Both runtime-net.yaml and runtime-nvls.yaml had comments next to NCCL_DEBUG=INFO that named "[send] via NET/..." / "[send] via NVLS" per-channel log lines — banners that the Go docstring at validators/performance/nccl_all_reduce_bw_constraint.go:117-124 explicitly documents as dropped in NCCL 2.27+. The actual regexes verifyTransportFromLogs matches are the NCCL-2.27-era banners "NCCL INFO Using network <plugin>" (NET) and "NVLS comm 0x<addr>" (NVLS). Rewrite both comments to describe what NCCL actually emits in the image this runtime pins (ncclv2.27.7) and what verifyTransportFromLogs actually greps. Pure documentation change in testdata; no YAML body change, so no runtime impact.

…/defaults Project convention per CLAUDE.md "Constants Rules" is that timeouts live in pkg/defaults. The preflight-path cleanup bound was the only timeout on this branch that still lived as a local const in the caller, flagged as a nit in Mark's review. Promote to defaults.PreflightCleanupTimeout (same value, 30s, same semantics) and update the single call site. Generic name leaves room for future validator preflights to reuse it — e.g., the NVreg path is the only preflight today, but the conformance-phase probe-pod patterns would reach for the same bound.

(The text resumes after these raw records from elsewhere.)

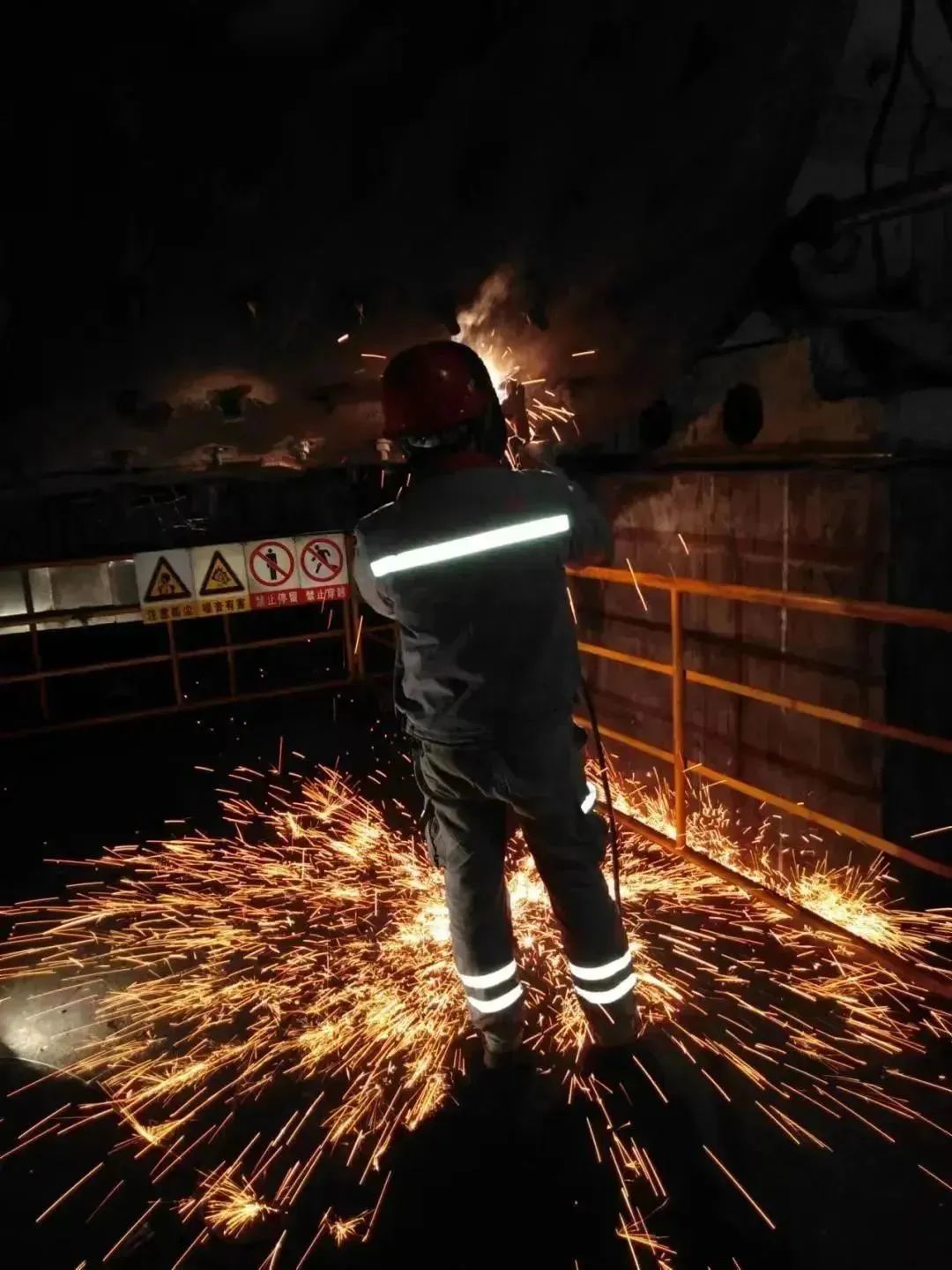 甕安縣玉山水泥生產(chǎn)部員工吳健華技能比武活動中發(fā)揮工匠精神,展示焊接技術(shù),綻放鐵花之美。
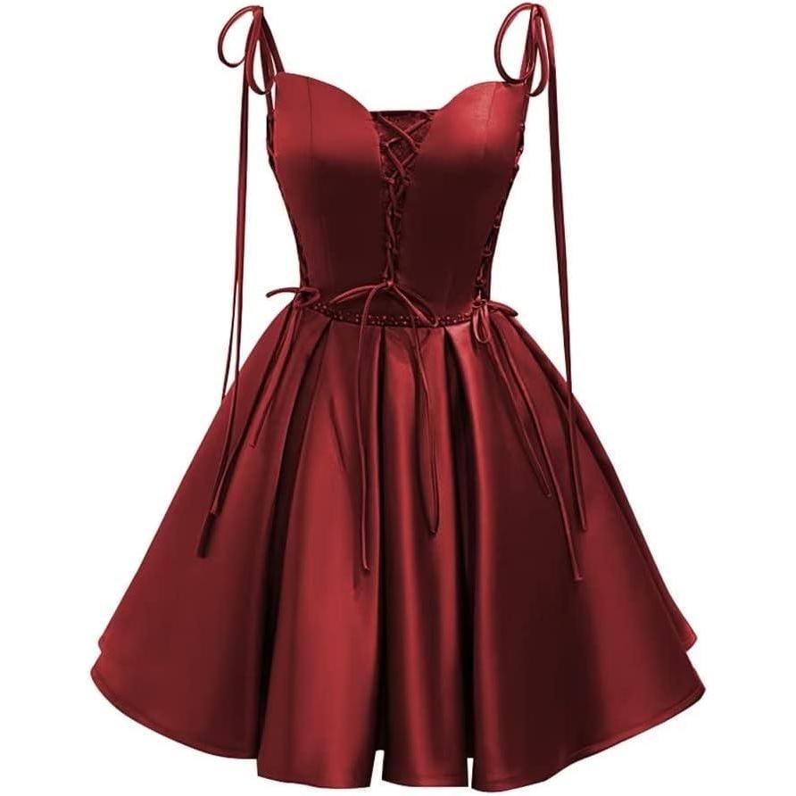Vintage Gothic Dresses Satin Homecoming Dress Short Prom Dress for Teens Spaghetti Straps Cocktail Gowns(Red)
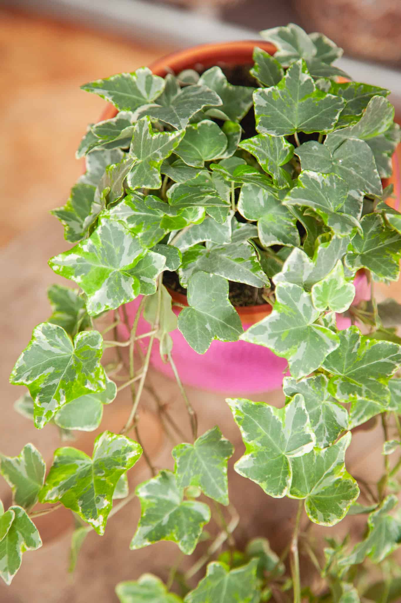 Widoczna na zdjęciu roślina: Hedera helix Mint Kolibri ma wysokość około 25 cm. Jej doniczka ma 13 cm średnicy oraz 13 cm wysokości.
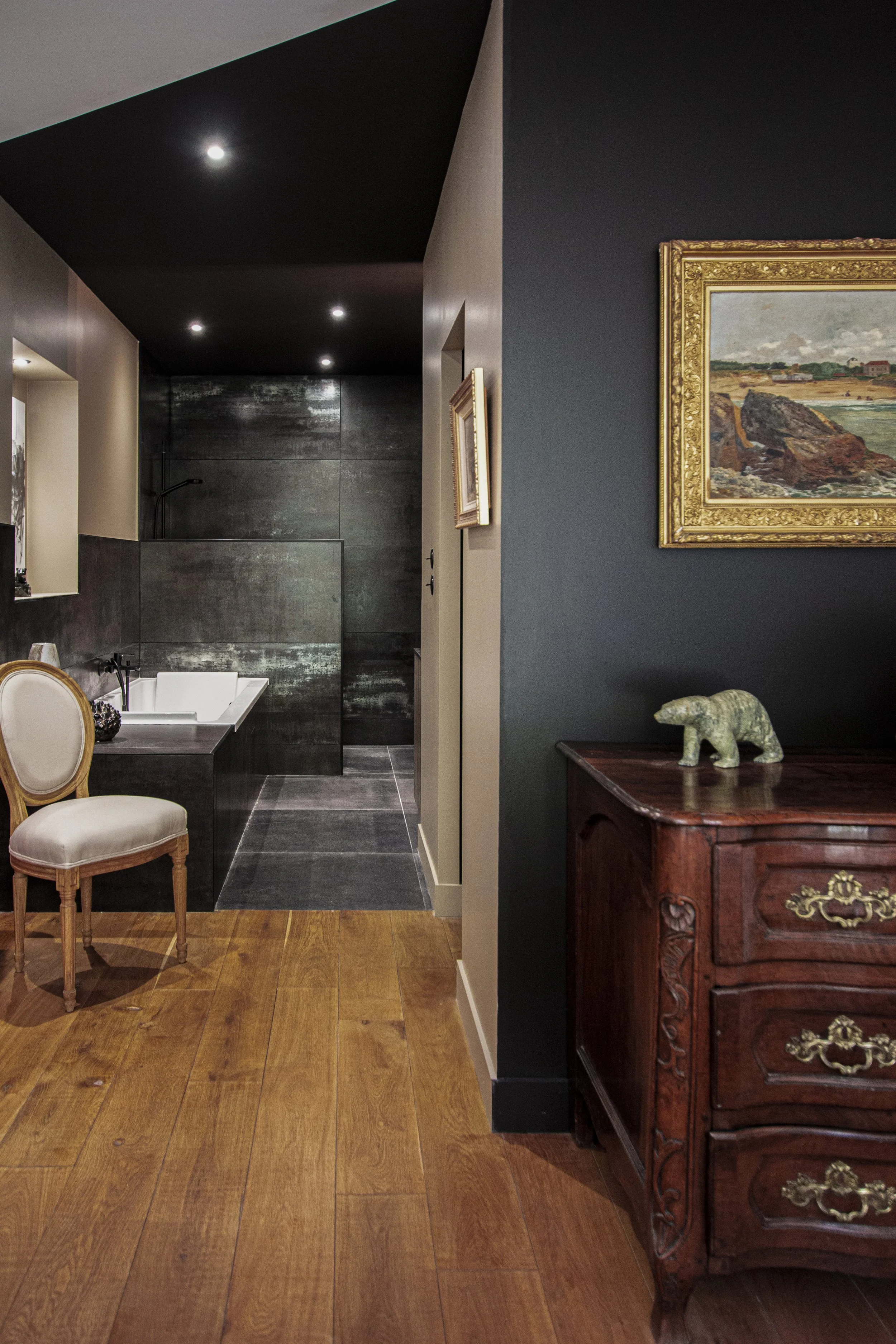 Autre singularité, le travail de « parois » dont les traitements et ouvertures offrent un jeu de transparence en clair voie sur la descente d’escalier d’un côté, une vue d’ensemble en surplomb sur la pièce de vie de l’autre côté.
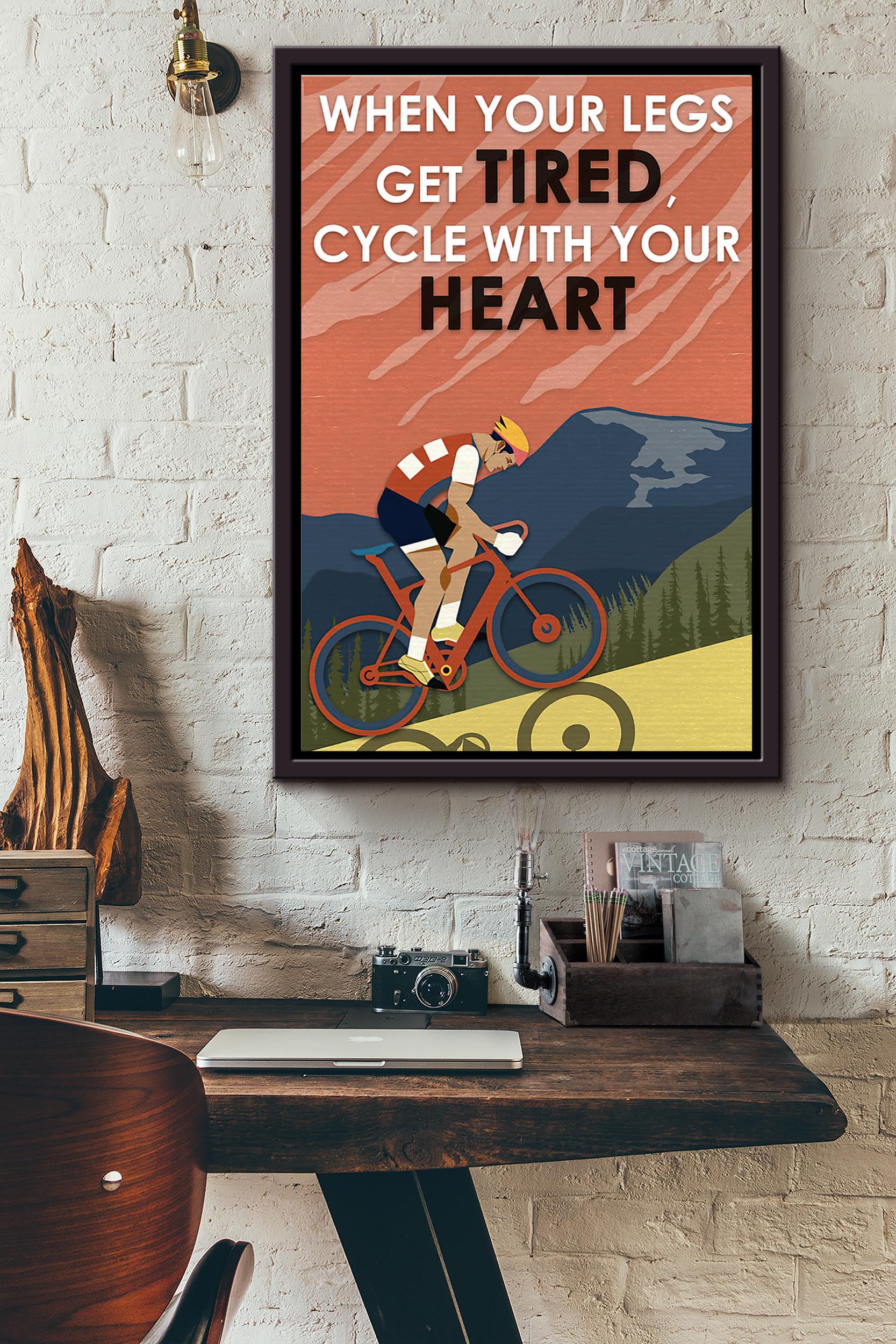 Bicycle Cycle With Your Heart Inspiration Poster Framed Matte Canvas
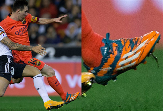 这两双专属的鞋带孔都是没有多余的,但是我们再来看看梅西脚上穿的球鞋
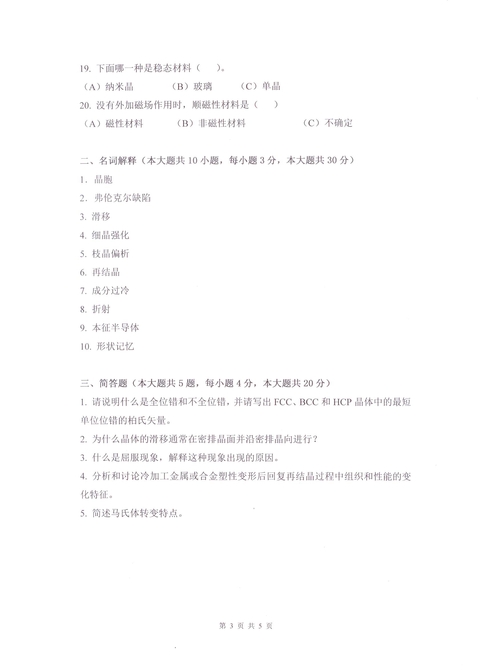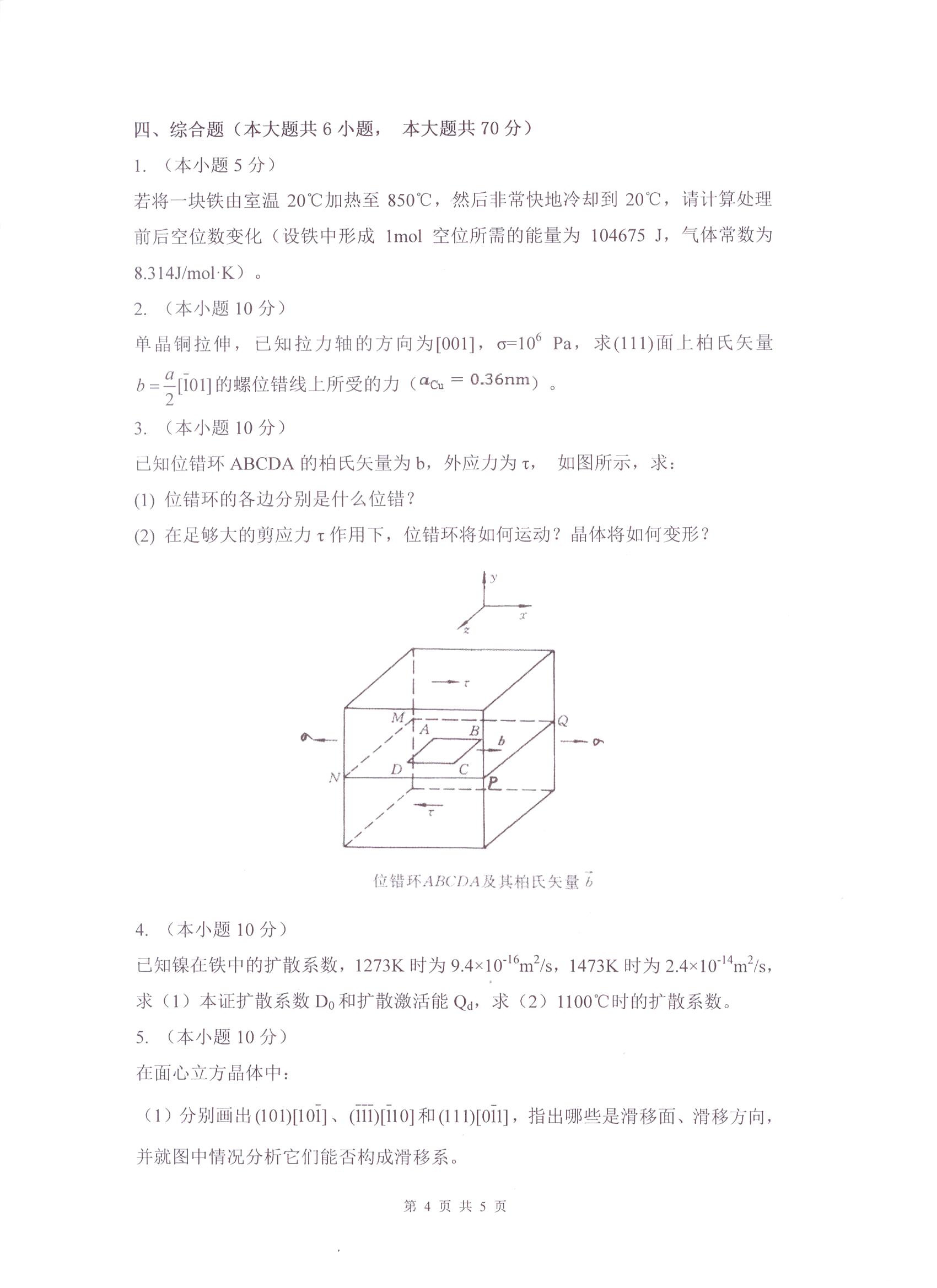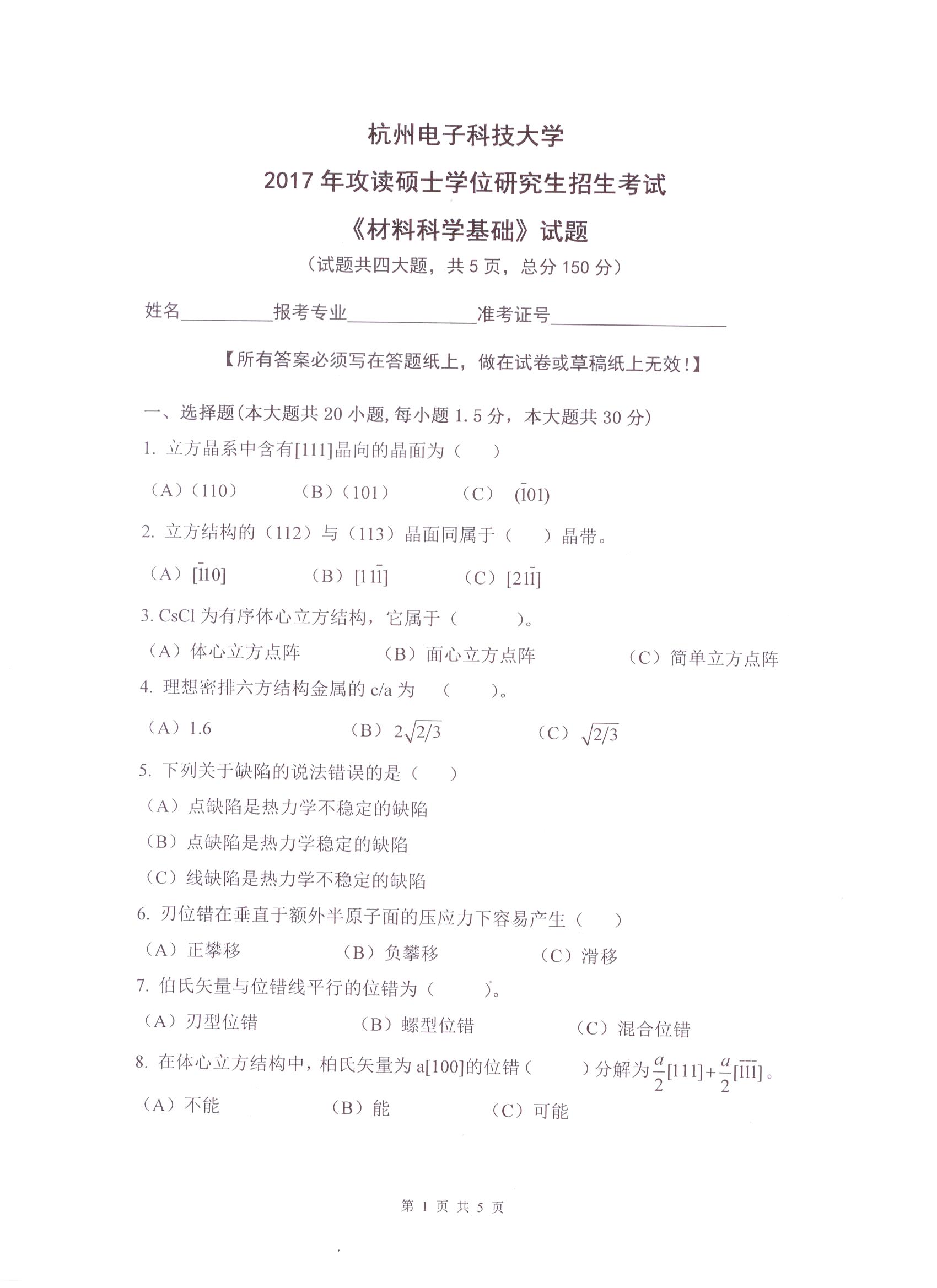 杭州电子科技大学考研辅导班:杭州电子科技大学2017年研究生招生考试材料科学基础科目考试题目

njhensley · 2026-04-23T20:37:25Z

@yuanchen8911 thanks — all findings and nits addressed; open questions triaged inline below. Commits referenced are on feat/nccl-gb200-eks-variants.

Findings (all addressed)

AICR_CHECK_TIMEOUT missing from docs/contributor/validator.md env table → added in 10c1c086, describes injection source (Job deployer from catalog timeout), fallback, and the WARN-on-malformed behavior.
LoadContext() prose still said timeout came from defaults.CheckExecutionTimeout → rewritten in 10c1c086 to point at checkTimeoutFromEnv and the env-first precedence.
recipes/validators/README.md performance table missing variants → two new rows in 10c1c086 for nccl-all-reduce-bw-net and nccl-all-reduce-bw-nvls.
TestDeployJobEnvVars missed AICR_CHECK_TIMEOUT + no unit test for checkTimeoutFromEnv → positive assertion added in 34c4a999 (env present, value equals testEntry().Timeout.String()); 6-case table-driven TestCheckTimeoutFromEnv added in c102bca6 covering unset / empty / valid / malformed / negative / zero, asserting the duration and the WARN log for the malformed/non-positive paths.

Nits (both addressed)

Stale NCCL banner references in runtime-net.yaml / runtime-nvls.yaml → rewritten in 2590f84f to reference Using network <plugin> (NET) and NVLS comm 0x<addr> (NVLS), matching the regexes verifyTransportFromLogs actually greps for.
orchestratorEnvCount := 8 under-allocates → 34c4a999 promotes it to a package-level orchestratorEnvMax = 12 const with a comment enumerating the 7 always-injected + up to 5 conditionally-injected contributors, so the next contributor has a single place to bump.

Open questions

PSA on aicr-validation namespace — real concern and out of scope for this PR. The probe-pod uses hostPath on /proc/driver/nvidia read-only, so it will trip baseline/restricted admission on clusters that enforce it by default. I'd rather fix this as a cross-cutting change covering ensureNamespace + any future hostPath-ing validator, not only the NVreg preflight — will file a follow-up. For now adding a line to the rollout notes calling out the PSA prerequisite alongside NVreg_GrdmaPciTopoCheckOverride=1.
NCCL 2.27+ banner stability — agreed; catalog-level image pinning is the right shape. Also out of scope — the AWS prebuilt image tag (cuda12.8.1-efa1.43.2-ofiv1.16.3-ncclv2.27.7-1-testsv2.16.9) is hardcoded in the runtime templates today, which locks NCCL to 2.27 by construction, but that pin is in two files instead of one catalog field. Follow-up to move it to a catalog attribute so a single bump rolls through all variants with a visible gate.
nvidia-dra-driver-gpu >= v25.12.0 for ComputeDomain numNodes: 0 — added to the PR description's rollout notes under the NVLS prerequisite (IMEXDaemonsWithDNSNames default is what makes numNodes: 0 work).
docs/user/validation.md mention of variants — noted. Left out of 10c1c086 because the page is end-user oriented and variants are opt-in per recipe; adopting them in shipped GB200/EKS overlays is the natural moment to document on that page. Tracked in the follow-up bullet that was already in the PR description.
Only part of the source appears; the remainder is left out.